Espaço interno da Malha

Um dos diferenciais do projeto Malha é a infraestrutura. O local na Rua General Bruce 274 abriga 30 marcas residentes em contêineres e outros 46 residentes flex, marcas ou profissionais flutuantes no salão de coworking escolhidos num processo de “curadoria mútua”: após o residente entrar em contato com a Malha, sua ideia de negócio é avaliada pela equipe para saber se o negócio oferecido é compatível aos valores do projeto. O maquinário de costura, por exemplo, é o de uma fábrica completa, com mais de 200 metros quadrados ocupados pelo cosewing. O investimento total no galpão gira em torno de 2 milhões de reais, sendo que a maior parte do dinheiro veio de patrocinadores. A lista de parceiros inclui a Farm, as Sandálias Ipanema, o ied Rio e a Babilônia Feira Hype.
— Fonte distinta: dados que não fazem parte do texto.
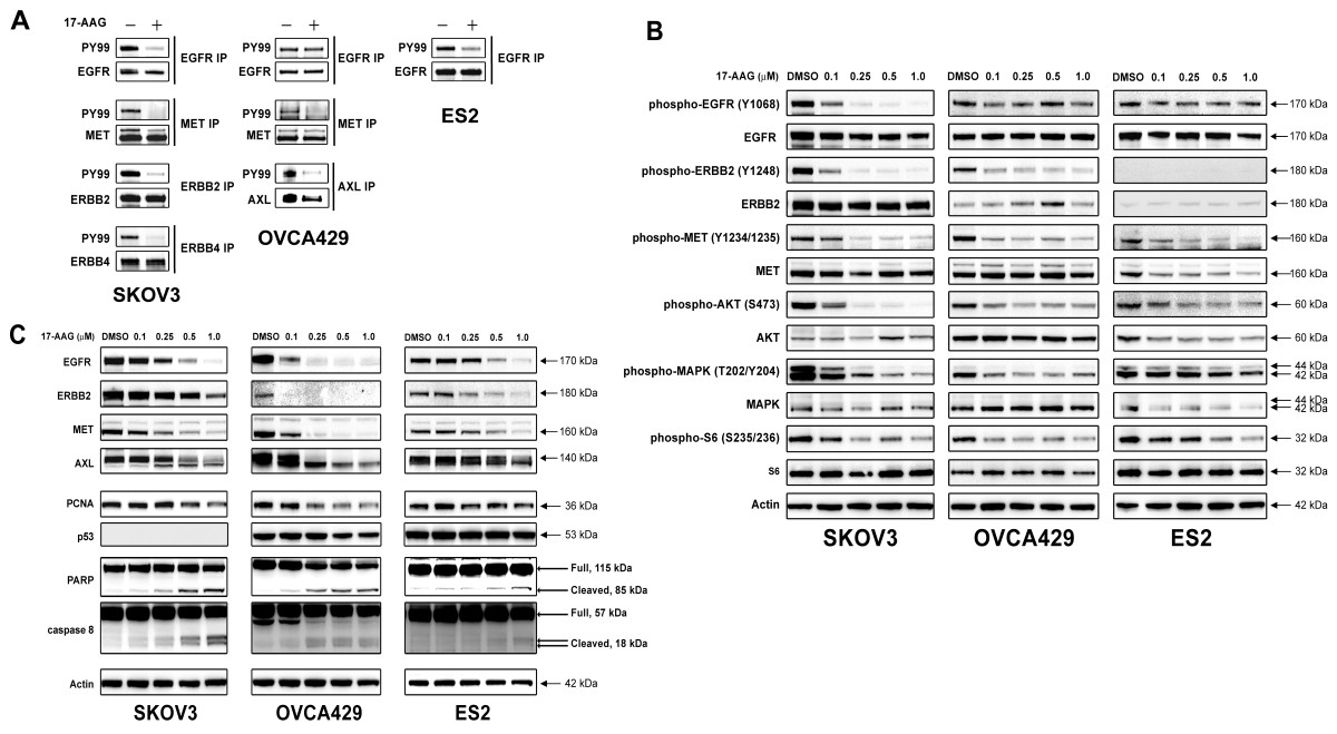 A) Inhibition of EGFR, ERBB2, ERBB4, AXL and MET phosphorylation in cell immunoprecipitates after 4 h 17-AAG (1 μM) treatment in serum-free medium. B) Immunoblotting evaluated effects of HSP90 inhibitor 17-AAG on RTK EGFR, ERBB2, and MET, and intermediate AKT, S6 and MAPK activation, after 4 h treatment in serum-free medium. C) Effects of HSP90 inhibitor 17-AAG on EGFR, ERBB2, MET, AXL, PCNA, p53, Caspase 8 and PARP expression in ovarian cancer lines, after 48 h 17-AAG treatment in serum-containing medium. β-actin stain is a loading control.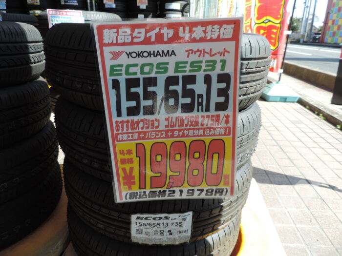HOME > カー用品 > 各務原店 > 【新品タイヤ】4本特価 155/65R13 YOKOHAMA ECOS ES31 アウトレット価格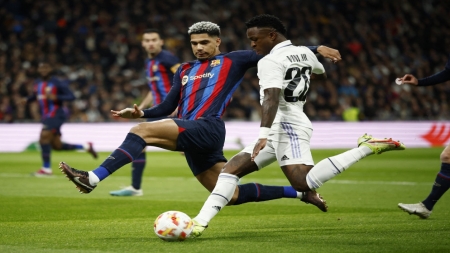 دعم كارلو أنشيلوتي مدرّب ريال مدريد جناحه فينيسيوس جونيور في معركته المرتقبة لفك قيود مدافع برشلونة رونالدو أراوخو، عشية مواجهة الكلاسيكو المنتظرة في الدوري الإسباني لكرة القدم
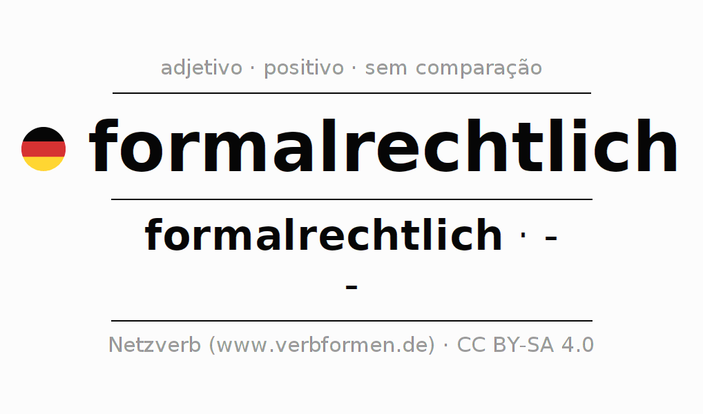 A declinação do adjetivo formalrechtlich não forma o grau de comparação formalrechtlich. O adjectivo não tem forma no comparativo e nem no superlativo. O adjectivo formalrechtlich pode ser utilizado tanto como atributivo antes de um substantivo ou como predicativo junto com um verbo.Não se pode flexionar e comparar somente o adjetivo formalrechtlich, mas sim todos os adjetivos em alemão. Comentários ☆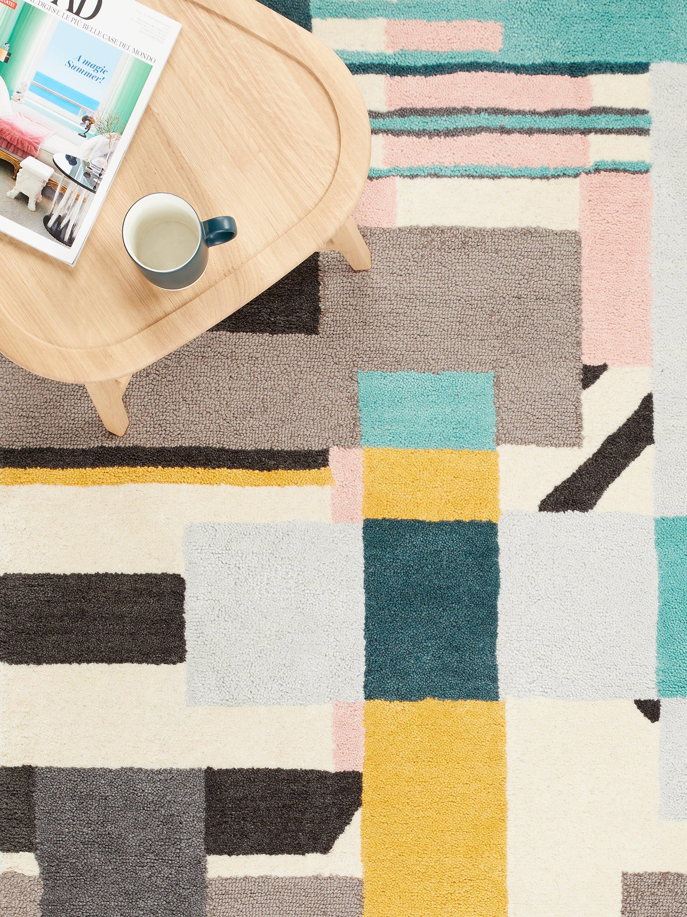 Hand-tufted, our 100% wool Kastrup Rug is offered in a unique, check design and features contrasting colours and shapes making it the perfect way to add interest to a neutrally toned room.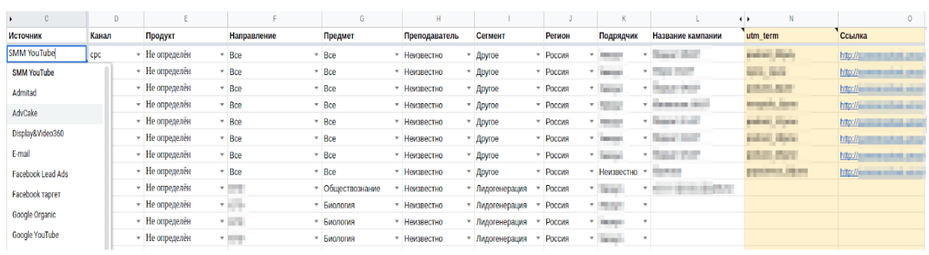 Как мы решили проблему. Со всеми агентствами договорились о единых наименованиях для рекламных кампаний и метрик. Для удобства ввели конструктор для создания UTM-меток — таблицу в Google Sheets, где для создания тега нужно заполнить обязательные поля. Главное преимущество конструктора в том, что выбор параметров возможен только из закрепленного списка. Такой подход позволяет избежать ошибок ручного ввода данных.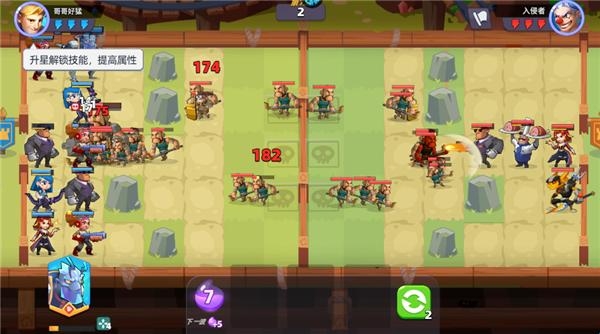 3、进入战斗放置角色在地图中,放置不同角色需要消耗资源(点击刷新可以出额外的角色)。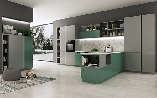 將莫蘭迪色系用在櫥柜設(shè)計上,溫柔的顏色能給人一種靜謐的美感,低調(diào)舒適。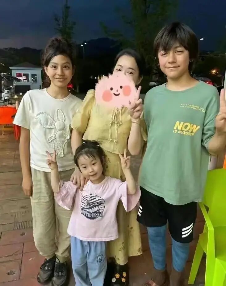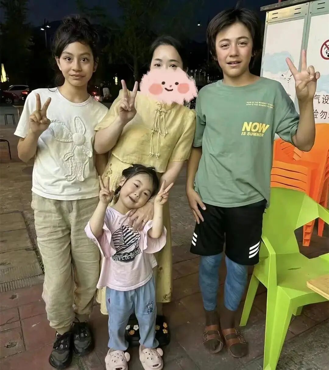 之前有粉丝与两个孩子合影。两个孩子的穿着都非常简洁,相貌也没有发生太大的变化。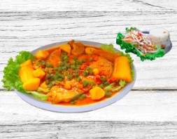 Sobrebarriga en salsa, papa al vapor y arroz.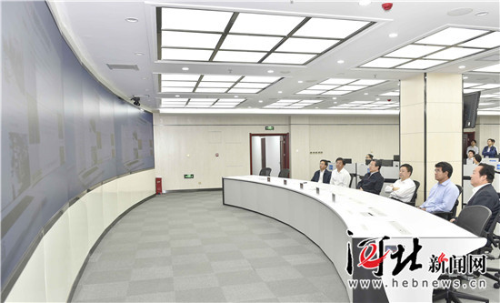 5月5日上午,省委书记、省人大常委会主任王东峰到省直有关单位调研检查网信工作。这是王东峰在省网信办互联网信息综合管理平台考察。 记者赵威摄

A Farm não terá o seu escritório no galpão de São Cristóvão, mas já prevê a realização de vários eventos em parceria. A Foxton (também do grupo Farm) terá uma loja pop-up no espaço. O tamanho da Malha também a torna local perfeito para sediar eventos e desfiles, o que não deve demorar a acontecer, movimentando a agenda do bairro imperial, também já conhecido como polo da moda carioca. E como o homem não vive só de moda, um restaurante, o Verdin, está em construção e será inaugurado em setembro. Em 15 meses, ideias de utópicas tardes de sábado levantaram-se da mesa, transformaram-se no projeto Malha, e partiram para o trabalho. Nem a chuva fina que cai sobre o Rio numa quarta-feira cinzenta, desmorona ânimos: “Envolvendo toda a galera, extraímos essência e não tendência."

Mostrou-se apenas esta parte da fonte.